Retype the records below word for word and omit any image.

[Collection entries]
BEGIN

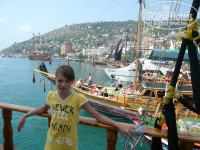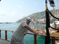 Так как сама путёвка с семейным номером на 21 день нам обошлась недёшево, то похвастаться экскурсиями не можем... У гидов Пегаса в отеле брали только «Дельфинарий». На улице брали «Пиратскую яхту». Но честно сказать, вот все говорят, что экскурсии на улице дешевле, чем в отеле... Но ведь и сервиса-то намного меньше... За нами (мало того что опоздал) приехал микроавтобус и начал кружить по Конаклам ещё собирать туристов (за одной парочкой к одному и тому же отелю подъезжали три раза – их всё не было)... Напихалось в этот микроавтобус куча народа, некоторые сидели у друг друга на коленках. В итоге попали на яхту в самый последний момент. На первой палубе не хватило места, поднялись на вторую палубу. Устроились на лежаки непонятного вида. В «ватер-клоузет», так сказать, босиком лучше не заходить, на полу непонятно что – или моча, или вода с унитаза. А моряки-пираты, мало того, что им за экскурсию заплатили, так они ещё всю поездку не отстают от тебя: то фото предлагают, то майки, то мороженое, пиво, чипсы... А к морской качке-то мы не привыкшие, так если честно плоховасто было и ни какая еда не лезла... А в конце поездки по морю «пираты» ещё начали ходить по палубам со шляпой, мол чтобы им ещё туда денюжку положили!!!! Блин недовольные были, когда мы отказались..... Но зато поплавали по морю и красивые виды пофотали... А так, хотелось бы сравнить и у гидов экскурсию тоже по морю заказать. Но это, наверно, в следующую поездку....
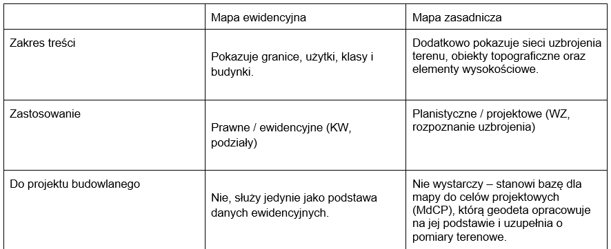 Podstawą do wykonania mapy do celów projektowych jest mapa zasadnicza (link: Mapa zasadnicza - co zawiera i kiedy jest wymagana?), która zawiera dane o sieciach uzbrojenia terenu, ukształtowaniu powierzchni i granicach ewidencyjnych. W odróżnieniu od niej mapa do celów projektowych zawiera zaktualizowane dane terenowe, które uwzględniają rzeczywisty stan działki i jej otoczenia. Geodeta wykonuje niezbędne pomiary w terenie, weryfikuje przebieg sieci uzbrojenia, granice i ukształtowanie terenu, a następnie opracowuje mapę potwierdzoną tzw. klauzulą urzędową (czyli przyjęciem operatu technicznego do PZGiK). Mapa do celów projektowych stanowi podkład dla projektu zagospodarowania działki lub terenu (PZDT), który wchodzi w skład projektu architektoniczno-budowlanego (PAB) dołączanego do wniosku o pozwolenie na budowę.
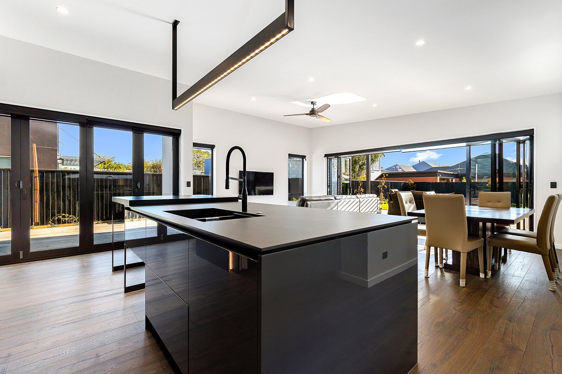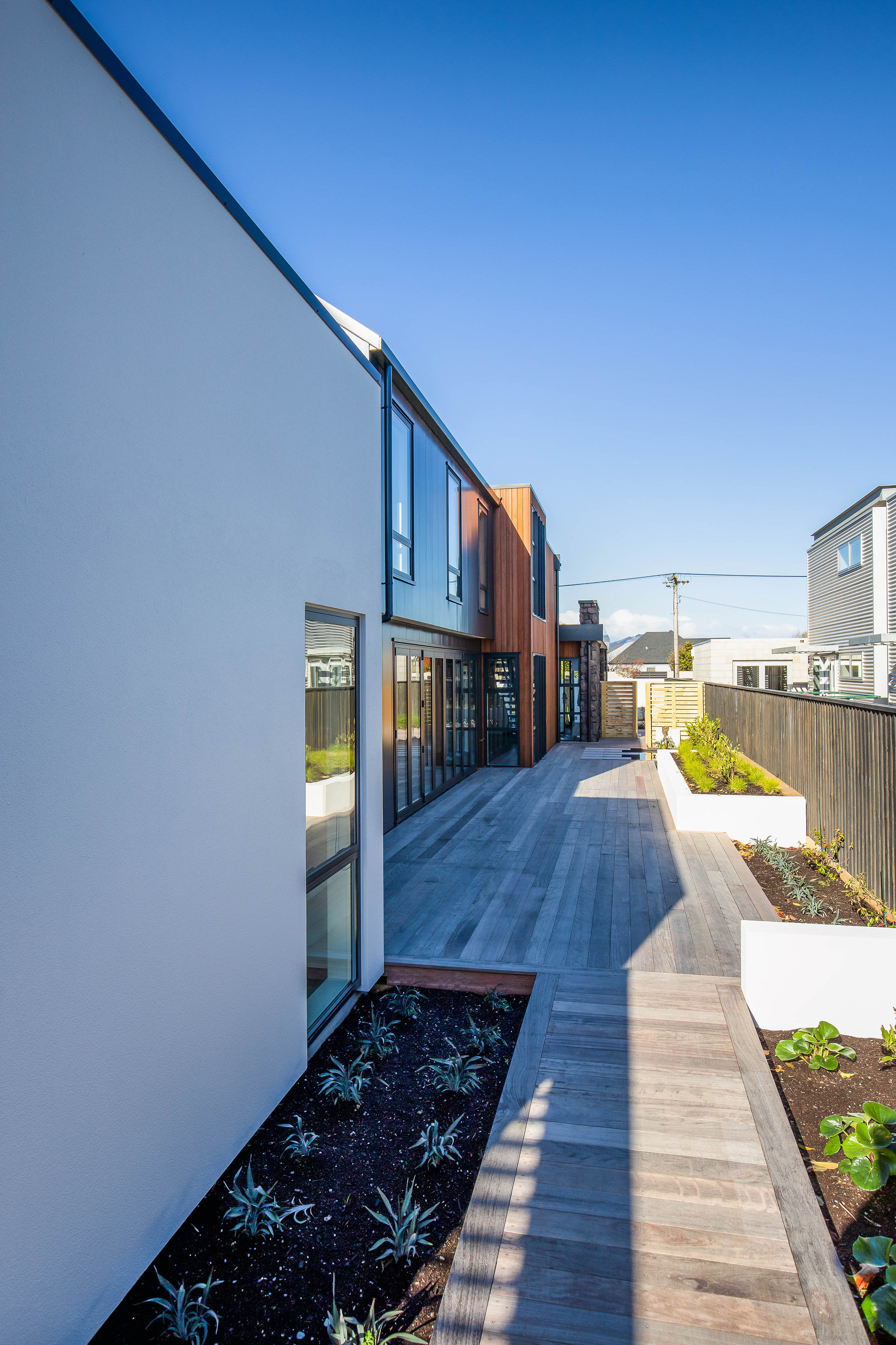Comprised of a series of distinct volumes, stacked one behind the other, this ultra-modern Christchurch home is a brilliant response to its long, slender site.
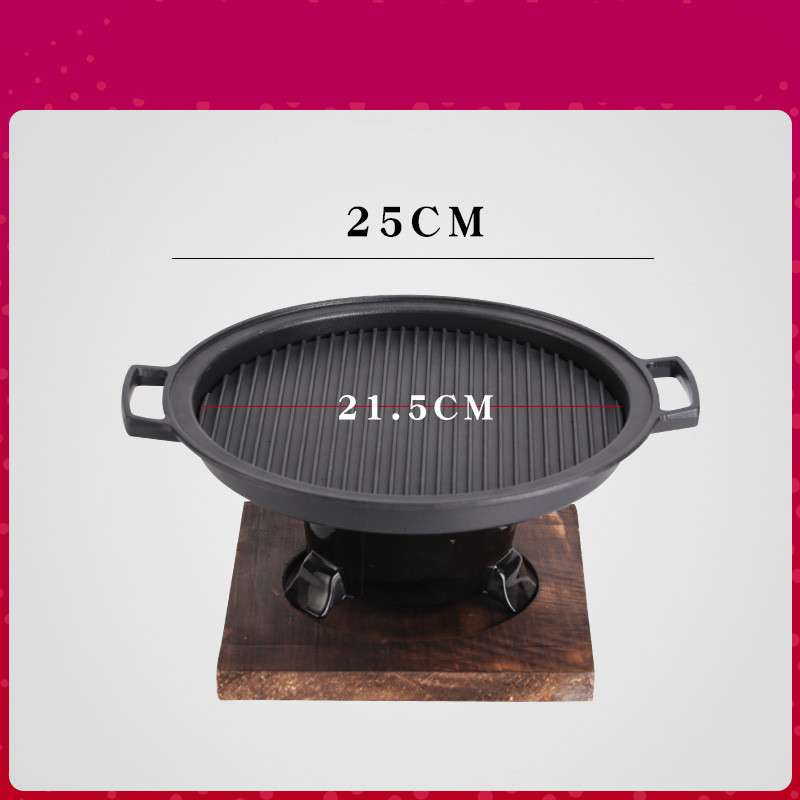 Grill/Plate specifications: 25cm split-bottom barbecue plate + aluminum three-pronged stove with barbecue clip and oil brush, 27cm round striped plate + large carbon stove free 5 free gifts, large carbon stove + 28cm cast iron grill pan free 2 cups 1 clip , Medium-sized carbon stove + 26cm cast iron bakeware free 1 cup and 1 clip, small carbon stove + 22cm cast iron bakeware free 1 cup and 1 clip
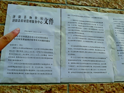采访中,记者发现王先生所在的小区门口张贴了由济阳县物价局、济阳县房屋管理服务中心出台的《关于济阳县住宅小区共用车库内车位租赁费基准价格等有关问题的通知》。文件中指出:住宅小区共用车库内的车位租赁费实行政府指导价,基准价格为130元/个·月,可上浮10%,下浮不限。
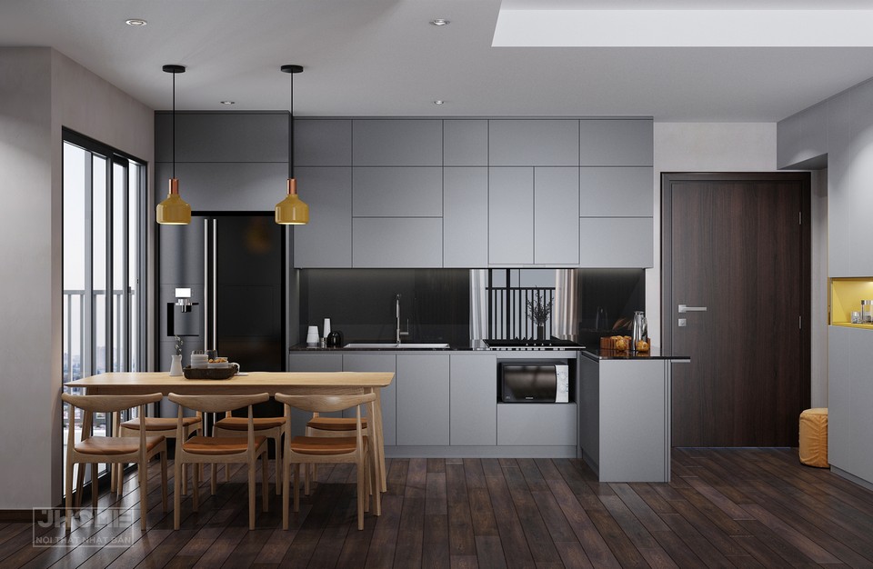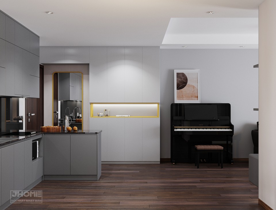 Tủ bếp thiết kế kịch trần chất liệu MDF chống ẩm sơn mài xám, đá ốp bếp màu đen bóng sang trọng
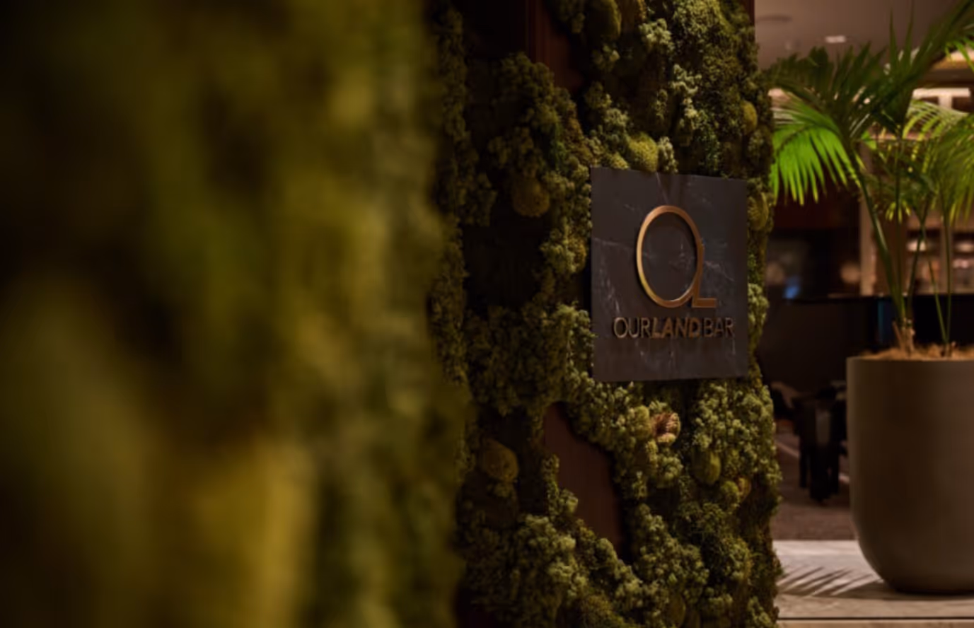An award-winning sculptural moss installation transforming the entrance to Our Land Bar at Cordis Hotel.

END

Solution for this task —
 Так как сама путёвка с семейным номером на 21 день нам обошлась недёшево, то похвастаться экскурсиями не можем... У гидов Пегаса в отеле брали только «Дельфинарий». На улице брали «Пиратскую яхту». Но честно сказать, вот все говорят, что экскурсии на улице дешевле, чем в отеле... Но ведь и сервиса-то намного меньше... За нами (мало того что опоздал) приехал микроавтобус и начал кружить по Конаклам ещё собирать туристов (за одной парочкой к одному и тому же отелю подъезжали три раза – их всё не было)... Напихалось в этот микроавтобус куча народа, некоторые сидели у друг друга на коленках. В итоге попали на яхту в самый последний момент. На первой палубе не хватило места, поднялись на вторую палубу. Устроились на лежаки непонятного вида. В «ватер-клоузет», так сказать, босиком лучше не заходить, на полу непонятно что – или моча, или вода с унитаза. А моряки-пираты, мало того, что им за экскурсию заплатили, так они ещё всю поездку не отстают от тебя: то фото предлагают, то майки, то мороженое, пиво, чипсы... А к морской качке-то мы не привыкшие, так если честно плоховасто было и ни какая еда не лезла... А в конце поездки по морю «пираты» ещё начали ходить по палубам со шляпой, мол чтобы им ещё туда денюжку положили!!!! Блин недовольные были, когда мы отказались..... Но зато поплавали по морю и красивые виды пофотали... А так, хотелось бы сравнить и у гидов экскурсию тоже по морю заказать. Но это, наверно, в следующую поездку....
 Podstawą do wykonania mapy do celów projektowych jest mapa zasadnicza (link: Mapa zasadnicza - co zawiera i kiedy jest wymagana?), która zawiera dane o sieciach uzbrojenia terenu, ukształtowaniu powierzchni i granicach ewidencyjnych. W odróżnieniu od niej mapa do celów projektowych zawiera zaktualizowane dane terenowe, które uwzględniają rzeczywisty stan działki i jej otoczenia. Geodeta wykonuje niezbędne pomiary w terenie, weryfikuje przebieg sieci uzbrojenia, granice i ukształtowanie terenu, a następnie opracowuje mapę potwierdzoną tzw. klauzulą urzędową (czyli przyjęciem operatu technicznego do PZGiK). Mapa do celów projektowych stanowi podkład dla projektu zagospodarowania działki lub terenu (PZDT), który wchodzi w skład projektu architektoniczno-budowlanego (PAB) dołączanego do wniosku o pozwolenie na budowę.
Comprised of a series of distinct volumes, stacked one behind the other, this ultra-modern Christchurch home is a brilliant response to its long, slender site.
 Grill/Plate specifications: 25cm split-bottom barbecue plate + aluminum three-pronged stove with barbecue clip and oil brush, 27cm round striped plate + large carbon stove free 5 free gifts, large carbon stove + 28cm cast iron grill pan free 2 cups 1 clip , Medium-sized carbon stove + 26cm cast iron bakeware free 1 cup and 1 clip, small carbon stove + 22cm cast iron bakeware free 1 cup and 1 clip
采访中,记者发现王先生所在的小区门口张贴了由济阳县物价局、济阳县房屋管理服务中心出台的《关于济阳县住宅小区共用车库内车位租赁费基准价格等有关问题的通知》。文件中指出:住宅小区共用车库内的车位租赁费实行政府指导价,基准价格为130元/个·月,可上浮10%,下浮不限。
 Tủ bếp thiết kế kịch trần chất liệu MDF chống ẩm sơn mài xám, đá ốp bếp màu đen bóng sang trọng
An award-winning sculptural moss installation transforming the entrance to Our Land Bar at Cordis Hotel.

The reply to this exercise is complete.